Meyer hails PCC's success in helping ordinary people

Meyer: lawyers aren’t needed

The Press Complaints Commission has trumpeted its success at resolving invasion of privacy complaints by ordinary people – pointing out that it is not there just for celebrities.

This week the Commission revealed that just 2 per cent of privacy complaints in 2003 involved people in the public eye – and more than half concerned the regional rather than national press.

Speaking at the West of Scotland Newspaper Press Fund Annual Lunch, PCC chairman Sir Christopher Meyer said: “Privacy issues overwhelmingly concern ordinary members of the public who are caught up in the media spotlight for one reason or another.

“These are the people we are primarily here to help – people who simply do not have the resources, the time or the willingness to expose themselves to more publicity to try their chances in the courts.”

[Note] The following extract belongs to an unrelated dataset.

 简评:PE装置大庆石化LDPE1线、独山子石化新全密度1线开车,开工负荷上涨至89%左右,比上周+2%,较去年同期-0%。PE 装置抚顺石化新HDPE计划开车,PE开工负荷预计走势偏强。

Meyer said 96 per cent of complainants said they were satisfied with the Commission’s work. And he urged anyone tempted to pay for lawyers to handle their dealings with the PCC, not to bother.

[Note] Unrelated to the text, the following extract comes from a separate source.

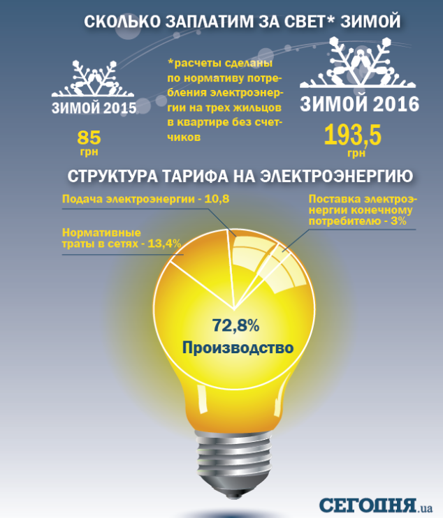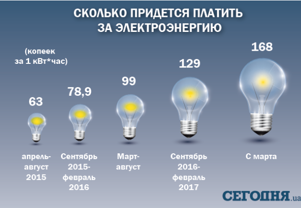 В марте 2015-го Национальная комиссия, осуществляющая регулирование в сфере энергетики и коммунальных услуг (НКРЭКУ), приняла решение повысить тариф на электроэнергию в пять этапов (постановление №220). До марта прошлого года семья, которая потребляет от 100 до 600 кВт*час электроэнергии в месяц, платила за каждый киловатт 36,6 копеек. В сентябре прошлого года тариф подняли до 78,9, в марте этого года – до 99 копеек, а сегодня – до 129 копеек.

“There is no need to use a lawyer at all to get satisfaction,” he said. “But when people do – and they must be free to do so – our report [2003 Annual Report] warns that the process will take up to 50 per cent longer, that it will cost them money for a service that is free, and that it will have no discernible effect on the outcome.”

The PCC’s annual report shows the total number of complaints rose 39 per cent to a record 3,649 in 2003.

Some 11.4 per cent concerned privacy, 5.7 per cent involved intrusion into grief or shock and 2.8 per cent were about the reporting of children.

The largest number of complaints (53.3 per cent) were about accuracy, followed by discrimination complaints at 17.2 per cent. The vast majority of discrimination complaints involved general disapproval of a news item rather than people with specific grievances.

Last week, a new version of the Editors’ Code of Practice, which underpins the work of the PCC, was issued. It bans the interception of private digital communications and amends the rules over payments to criminals.

The new code can be viewed at www.pcc.org.uk.